Проснувшись, я понял: она пришла, чтобы остаться с нами на ночь, и ждала дня, чтобы вырваться и залить пустыню светом. В основании черепа я чувствовал покалывание; на теле выступил холодный пот.
Я хотел встать и на неверных ногах уйти в темноту. Но я собрался с силами. Я скрестил руки и замер, ожидая, пока небо станет светлее.
Рассвет на Марсе не похож на все, что вы себе можете представить. Ты просыпаешься утром — и вокруг все яркое, чистое, сияющее. Ты пытаешься ущипнуть себя, очнуться и выпрямиться — но это не исчезает.
Затем ты смотришь на свои руки с огромными мозолями. Ты идешь к зеркалу, чтобы взглянуть на свое лицо. Не хорошо. Здесь уродство искажает картину. Ты осматриваешься, и видишь Ральфа. Видишь Гарри. Видишь женщин.
На Земле, в резком свете раннего утра, женщина может выглядеть не слишком очаровательно, но если она по–настоящему прекрасна, то будет выглядеть не так уж плохо. На Марсе даже самая прекрасная женщина при пробуждении выглядит злобной, слишком усталой и измученной человеческими недостатками; она не может превратить сборную металлическую лачугу в настоящий дом для мужчины.
На Марсе на многое приходится смотреть иначе. Приходится принимать страдания и лишения как повседневную реальность. Приходится привыкать к жизни в строительных лагерях в пустыне, где красная пыль заставляет чувствовать, что ты опустошен и высушен изнутри. Ты чувствуешь себя барабаном, сморщенным стручком гороха, соленой рыбой, которую повесили сушиться. Пыль внутри тебя и вокруг тебя, вода из каналов разъедает подошвы твоих ботинок.
Итак, ты просыпаешься и молча осматриваешься по сторонам.
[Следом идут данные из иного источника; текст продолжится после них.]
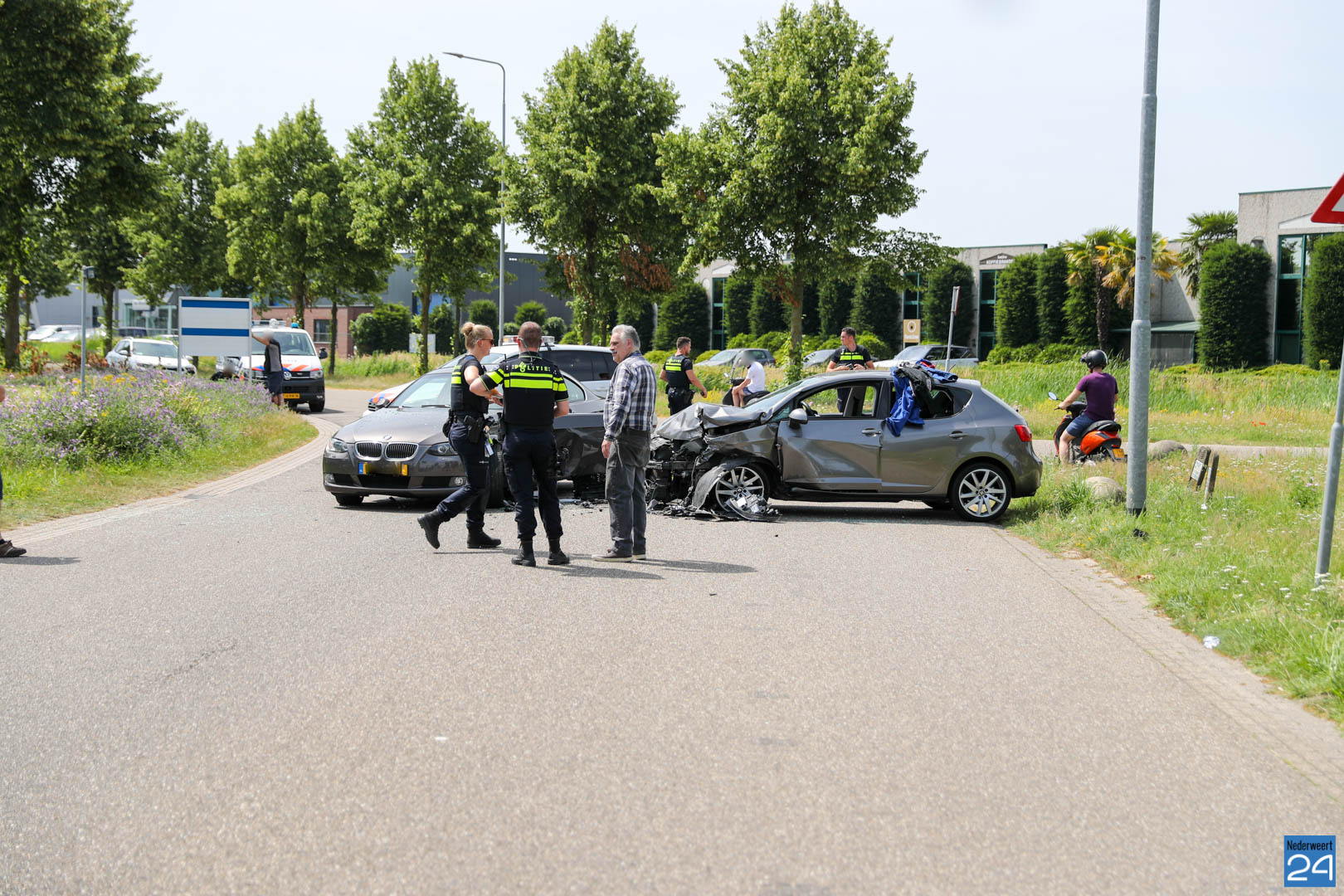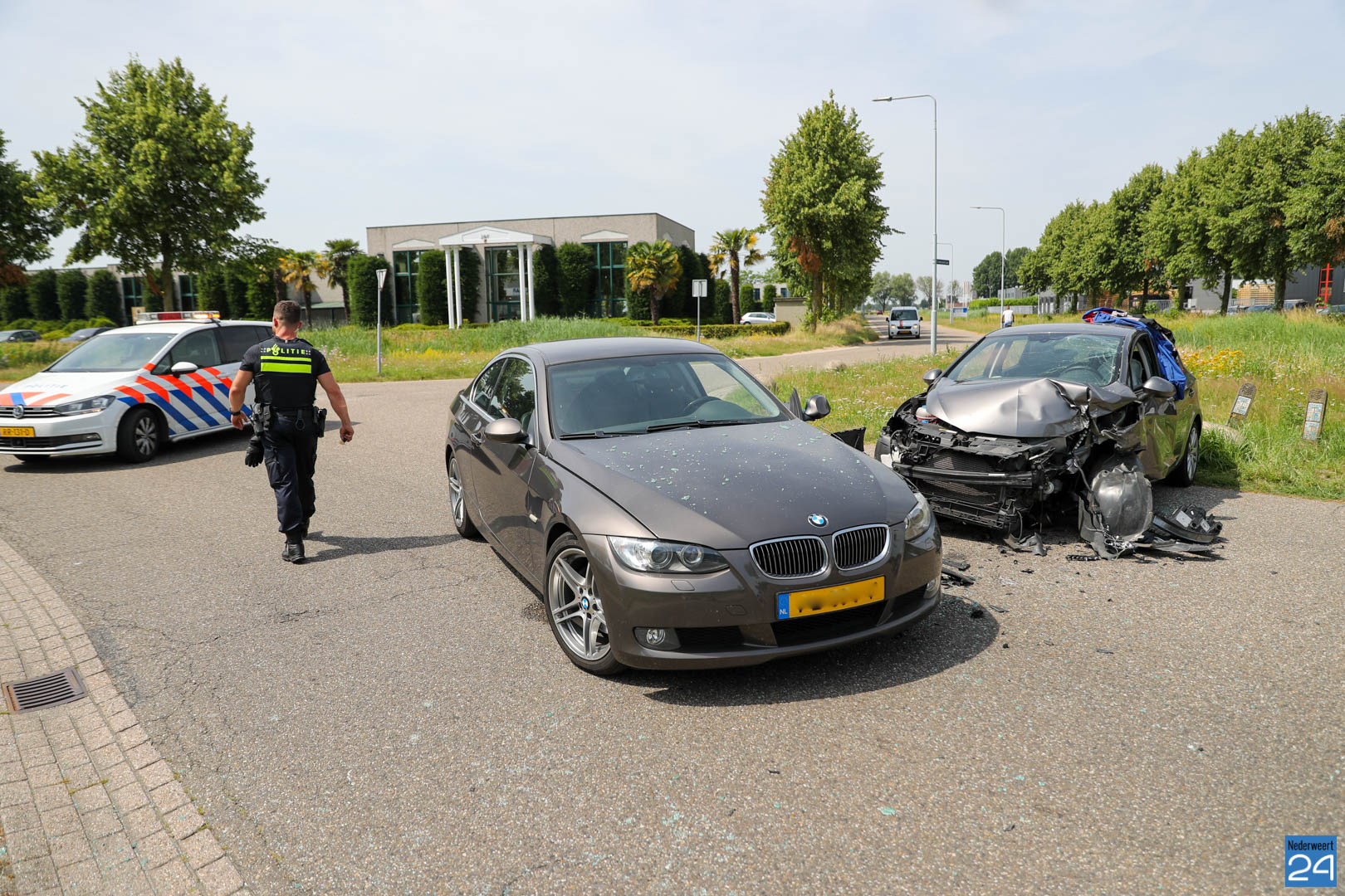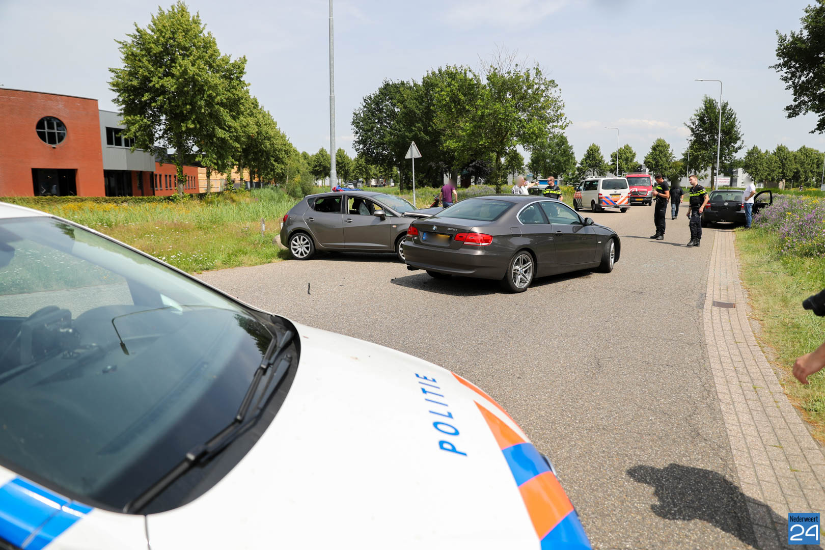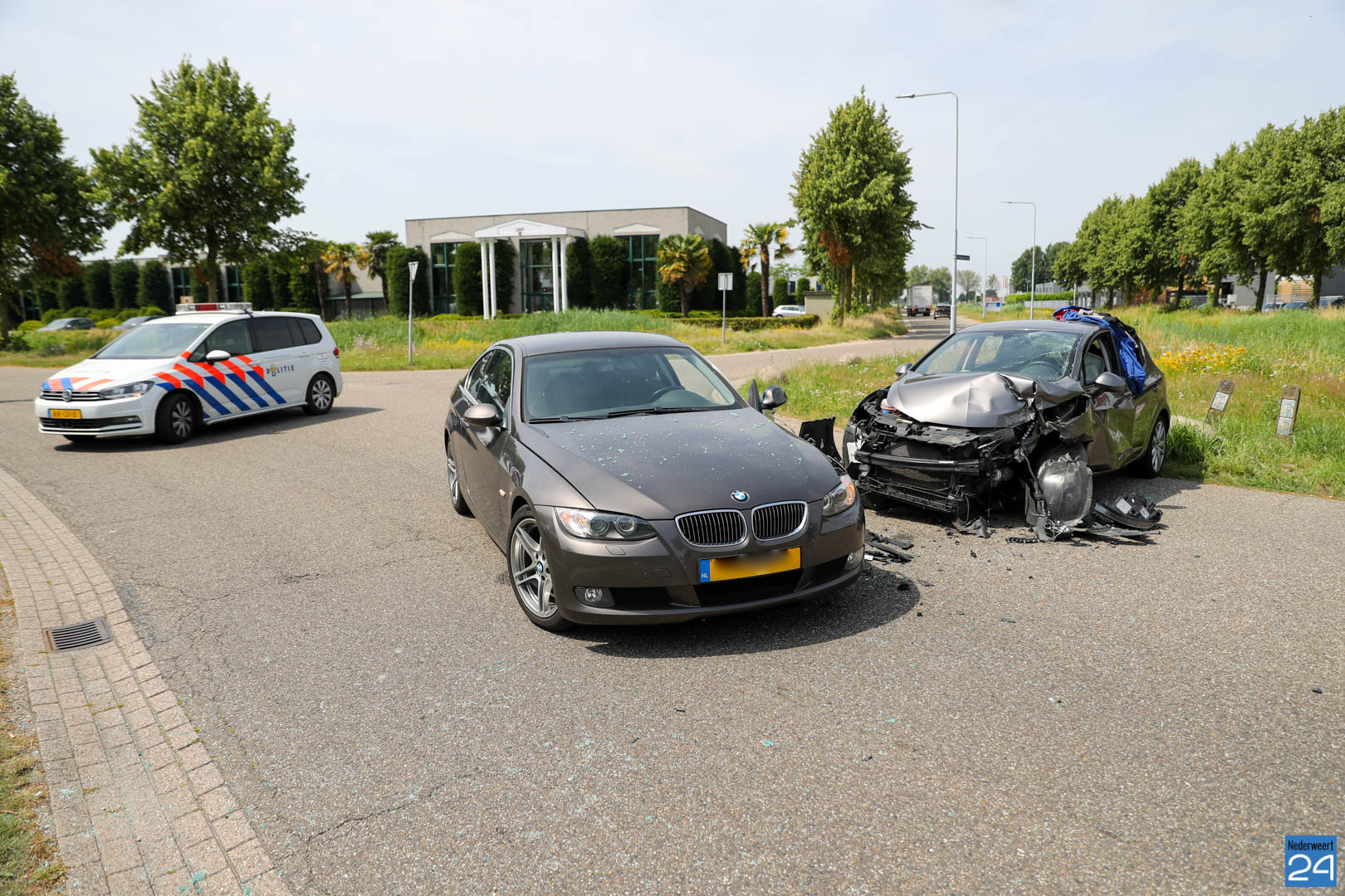Dinsdagmiddag zijn twee personenauto’s hard met elkaar in botsing gekomen op de kruising Edisonlaan met de Celsiusstraat op industrieterrein Kampershoek in Weert. Hierbij raakte één persoon gewond.
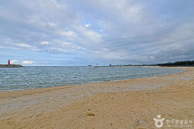 넓고 깨끗한 백사장과 맑은 바닷물, 완만한 해안선이 특징입니다. 가족 단위 피서객이 많고, 인근에 가진항이 있어 신선한 해산물도 즐길 수 있습니다.
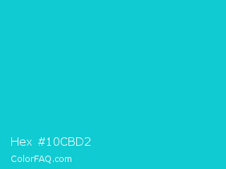 Hex #10cbd2 Color is a normal cyan color and the nearest color is Dark Turquoise #00ced1. Hex code #10cbd2 and RGB value is rgb(16,203,210). In RGB color space, this color is composed of 6% red, 80% green, 82% blue, In CMYK color space, this color is composed of 92% cyan, 3% magenta, 0% yellow , 18% black , In HSL color space, this color has a hue angle of 182° , 86% saturation and 44% lightness.

Вечером ты собрал сплавную древесину и сложил ее у костра. Все исчезло. Кто–то украл драгоценную древесину. Марсиане? Попробуй угадать.
Ты встаешь и идешь к Ральфу, расправив плечи. Ты говоришь:
— Ральф, какого черта тебе понадобилось красть мою древесину?
Ты говоришь так лишь в своем воображении. Ты говоришь это Дику, ты говоришь это Гарри. Но на самом деле ты говоришь: «Ларсен снова побывал здесь этой ночью!»
Ты говоришь: «Я положил рыбу вариться, а Ларсен ее съел. У меня была прекрасная колода карт, блестящих и новых, а Ларе испортил их. Я не жульничал. Это Ларсен надеялся, что я выиграю, чтобы он смог устроить мне засаду в пустыне и отобрать у меня все деньги».
У тебя есть девушка. В лагерях не так уж много девушек, от которых исходит смех, свет и огонь. Но несколько все же есть, и тебе повезло: ты увлекся одной девушкой — у нее пухлые красные губы и кудрявые золотые волосы. Внезапно она исчезает. Кто–то сбегает с ней. Это Ларсен.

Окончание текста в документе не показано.